First case: If r = p is prime, we prove that A = 6p^2 is the smallest area of all the triangles whose inradius is p. Suppose A' < A with inradius(A') = p. The area A is the corresponding value of the triangle (u,v,w) = (1*p, 2*p, 3*p) because 6p^3/6p = p^2. However, inradius(A') = p => u'v'w'/(u'+v'+w') = p^2 => (u',v',w') = (u,v,w) and A is the smallest area.

Second case: If r = q is composite, the triangle (u,v,w) = (1*q, 2*q, 3*q) gives an area A with inradius(A) = q, but it is possible to find A' < A with inradius(A') = q; for example, if q = 10, the triangle (u,v,w) = (30, 20, 10) whose area is A = 600 gives sqrt{(30*20*10)/(30+20+10)} = sqrt(6000/60) = 10 and the triangle(u',v',w') = (24,15,15) whose area is A' = 540 gives sqrt{(24*15*15)/(24+15+15)} = sqrt(5400/54) = 10.

(End)

The sequence gives the sorted areas of primitive triangles which have integer side lengths and integer areas.

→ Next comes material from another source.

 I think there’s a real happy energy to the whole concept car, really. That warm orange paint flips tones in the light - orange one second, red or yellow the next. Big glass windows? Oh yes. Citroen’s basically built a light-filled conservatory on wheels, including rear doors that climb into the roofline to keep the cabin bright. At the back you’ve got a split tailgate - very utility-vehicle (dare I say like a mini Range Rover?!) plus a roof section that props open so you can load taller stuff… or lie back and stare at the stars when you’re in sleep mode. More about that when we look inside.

Theorem 1: Consider a triangle whose area A, sides (a,b,c), inradius r and the radius of whose three excircles r1, r2, r3 are integers. Then the sum a^2 + b^2 + c^2 + r^2 + r1^2 + r2^2 + r3^2 is a perfect square equal to 16R^2, where R is the circumradius.

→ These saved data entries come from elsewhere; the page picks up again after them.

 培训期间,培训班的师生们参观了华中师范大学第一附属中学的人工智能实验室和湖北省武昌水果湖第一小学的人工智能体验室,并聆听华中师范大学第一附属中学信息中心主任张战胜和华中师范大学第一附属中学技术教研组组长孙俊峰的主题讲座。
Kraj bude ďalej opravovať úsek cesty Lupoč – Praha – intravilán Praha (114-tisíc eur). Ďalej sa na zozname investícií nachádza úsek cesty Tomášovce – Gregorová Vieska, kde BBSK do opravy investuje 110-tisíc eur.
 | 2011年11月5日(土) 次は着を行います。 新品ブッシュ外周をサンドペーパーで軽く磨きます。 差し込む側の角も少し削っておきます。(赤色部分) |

Proof: (r1 + r2 + r3 - r)^2 = r1^2 + r2^2 + r3^2 + r^2 + a^2 + b^2 + c^2 because: r1*r2 + r2*r3 + r3*r1 - r*r1 - r*r2 - r*r3 = (a^2 + b^2 + c^2)/2 (formula from Feuerbach - see the link). But r1 + r2 + r3 - r = 4*R (see the reference: Johnson 1929, pp. 190-191), hence the result. Remark: R is not necessarily an integer; for example, at a(1) = 6 with (a,b,c) = (3, 4, 5) we obtain r = 1, r1 = 2, r2 = 3, r3 = 6 and R = 5/2. Then 3^2 + 4^2 + 5^2 + 1^2 + 2^2 + 3^2 + 6^2 = 16*(5/2)^2 = 10^2. Nevertheless, if R is an integer, then r, r1, r2 and r3 are necessarily integers (see the following theorem). The subset of a(n) with R integer is A208984 = {24, 96, 120, 168, 216, 240, 336, 384, 432, 480, 600, ...}

Theorem 2: Consider a triangle whose area A, sides (a,b,c) and circumradius R are integers. Then the inradius r and the radius of the three excircles r1, r2, r3 are also integers.

Proof: Let s be the semiperimeter, let s*A = r1*r2*r3 be an integer, and let r*r1*r2*r3 = A^2 also be an integer => r is an integer. r1 = A/(s-a), r2 = A/(s-b), r3 = A/(s-c) => r1*r2 = s*(s-c), r1*r3=s*(s-b), r2*r3 = s*(s-a) are integers. Because r1*r2*r3 is an integer => r1, r2, r3 are integers.

Properties of this sequence :

There exists three class of numbers included into a(n) :

(i) A subset such that {150, 600, 1350, 2400, 3750, 5070,…} where the sides a h1 = b, h2 = a, h3 = a*b/c.

(ii) A subset such that a(n) = 300*n^2 = {300, 1200, 2700, 4800, …} where the triangles (a,b,c) are isosceles with a = b < c, and it is easy to check that a = b = 25*n, c=30*n, h1 = h2 = 24*n and h3 = sqrt(b^2 - c^2/4).

(iii) A subset such that {1050, 4200, 9450,…} without the precedent properties.